Keane – The Lovers Are Losing **
Can I be controversial and claim to love Keane? It’d be original enough. Frankly, no, but I can at least flag up something that’s very, very unfair. Kings Of Leon spend their last two albums trying to sound exactly like U2, and are feted and adored for it. Keane do the same thing here, but far better, in that they actually sound so ridiculously like U2 in the 1990s that you think Bono’s practicing ventriloquism with his hand up Tom Chaplin’s arse. Apart from that, the second line of the chorus is quite nice and sounds more like Delays. If it weren’t that my father once bumped into Chaplin practicing his swing on the driving range, I’d admit to liking this song.

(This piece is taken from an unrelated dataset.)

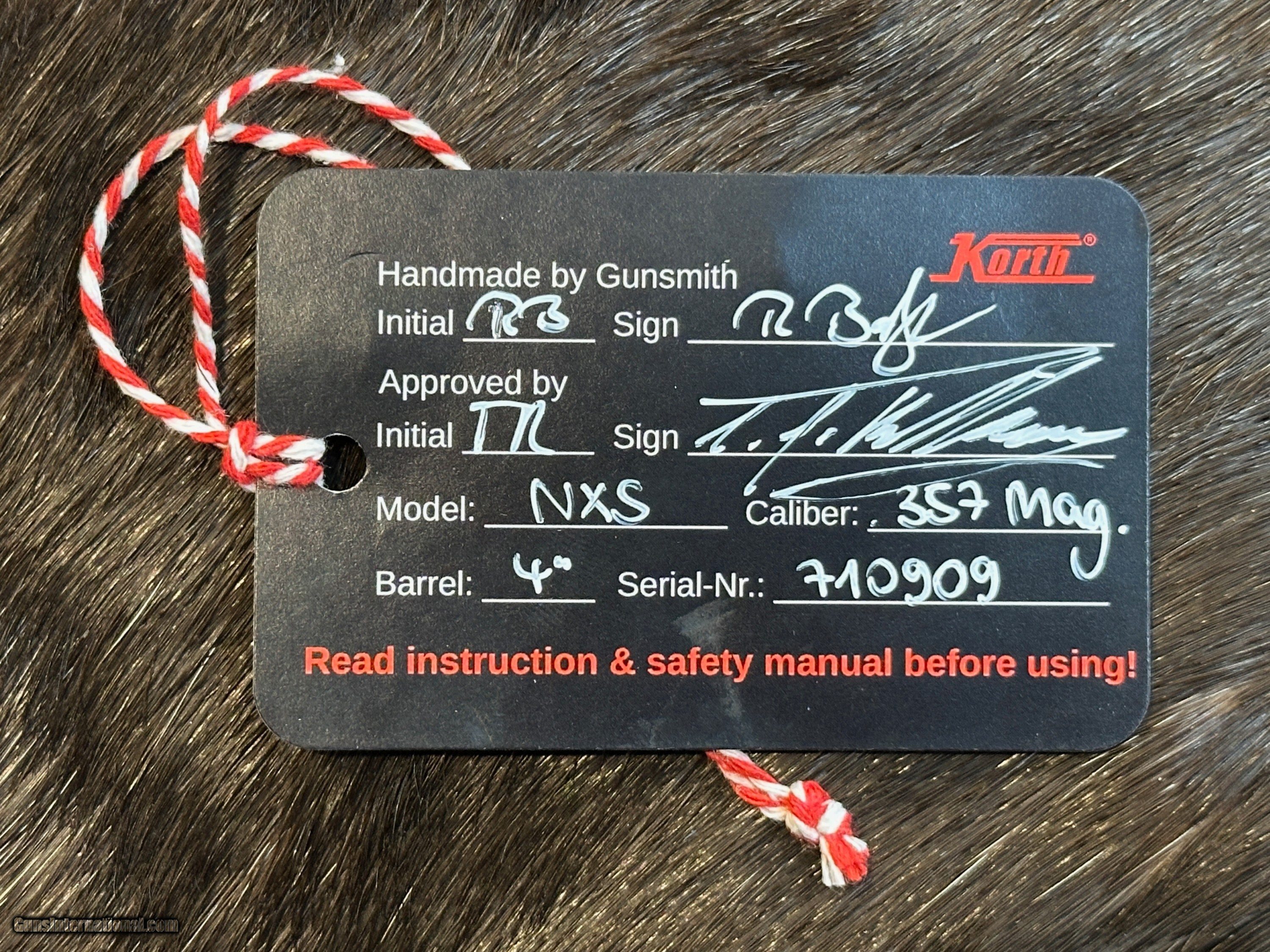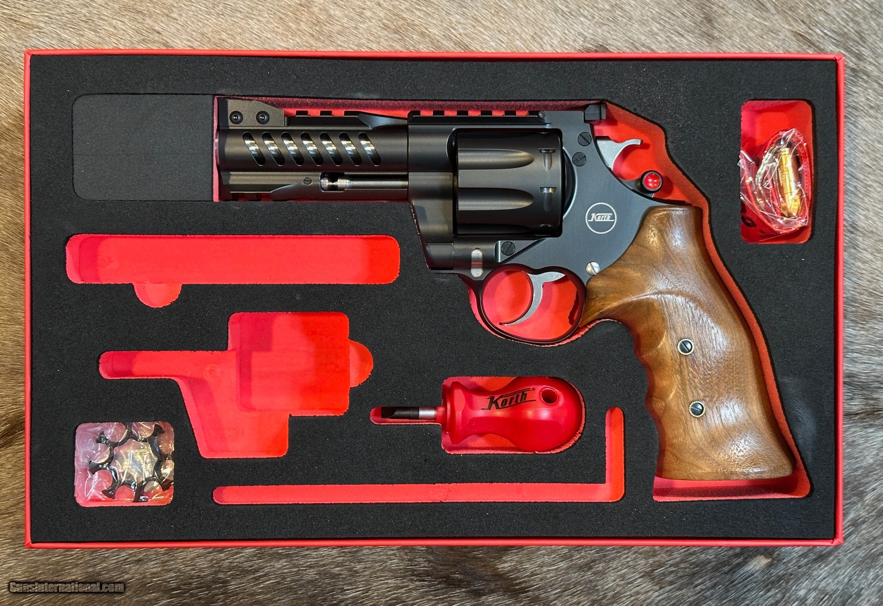 Description: NEW KORTH NXS 4" 8-SHOT 357 MAGNUM REVOLVER, WOOD GRIPS LAYAWAY AVAILABLE: $1,000 DOWN AND 6-MONTHS TO PAY OUT - TO BEGIN THE LAYAWAY, CONTACT JD AT 405/822.1564. The Korth NXS exemplifies the pinnacle of German engineering combined with high capacity. Its modern design features a ventilated barrel shroud for enhanced cooling and striking aesthetics. The frame includes a Picatinny rail, offering the versatility to mount a scope or red dot sight. Remarkably, the NXS introduces Korth's first 8-shot cylinder, designed to accommodate moon clips for unparalleled reloading speed. This NXS revolver comes with a 4" hammer-forged precision barrel and integrates Picatinny rails on both the top and bottom, enhancing its adaptability. Since 1954, Korth has been synonymous with the world’s finest revolvers, and the NXS continues this legacy. Its DLC finish ensures exceptional durability and complements the elegant Turkish walnut grips. The NXS features an adjustable rear sight paired with a 14k gold bead front sight for superior accuracy. For added versatility, it can be upgraded with an optional 9mm interchangeable cylinder (purchased separately). This revolver seamlessly blends functionality, durability, and aesthetic appeal, making it a standout choice for discerning enthusiasts. FEATURES OF THIS GREAT CUSTOM REVOLVER INCLUDE:

Fall Out Boy – I Don’t Care **
The intro has that chugging, raunchy beat favoured by Kasabian and Kylie (remember ‘2 Hearts’?) So this is jolly emo then. Yes indeed. ‘The best of us can find happiness in misery.’ Happiness and a lucrative musical career, it seems. The chorus starts like really bad Green Day, but ends in an altogether more sophisticate place. The lyrics veer from the contorted and spoilt to the mildly interesting. Obviously, I can’t stand this band. But the song’s not bad at all.
Girls Aloud – The Promise ***
This should be brilliant. This time, pop’s most consistent sonic innovators capture something simultaneously eternal and really retro. It’s glitzy, cinematic, and does that thing with a minor 4th chord that screams vintage class. The hook is giddy and impulsive; the strings giggle and flirt in the background with assured, macho brass. It takes a little too long to get going, but once it gets into its stride, this is truly swoonsome. But it only gets three stars, since the key change three and a half minutes in is unforgivably clumsy. Where’s their attention to detail gone?
Top of the Ox: Local Tune of the Week
You’ve probably heard of Borderville, but they’ve sort of been away and come back this year. So I may as well mention them again now their sure path to success seems to have meandered somewhat. They’ve got a new bass player and new songs, and I can’t make up my mind whether ‘Lover I’m Finally Through’ or ‘Silence and Violence’ is better. These two, now playing on their myspace, thus compete for tune of the week; a motley brace of urchin-folk songs that sound like a travelling circus pitched up outside a Victorian music hall. Their energy, eclecticism and way with a swashbuckling melody recall folk pioneers Bellowhead, but these tunes have a ragged ferocity all their own.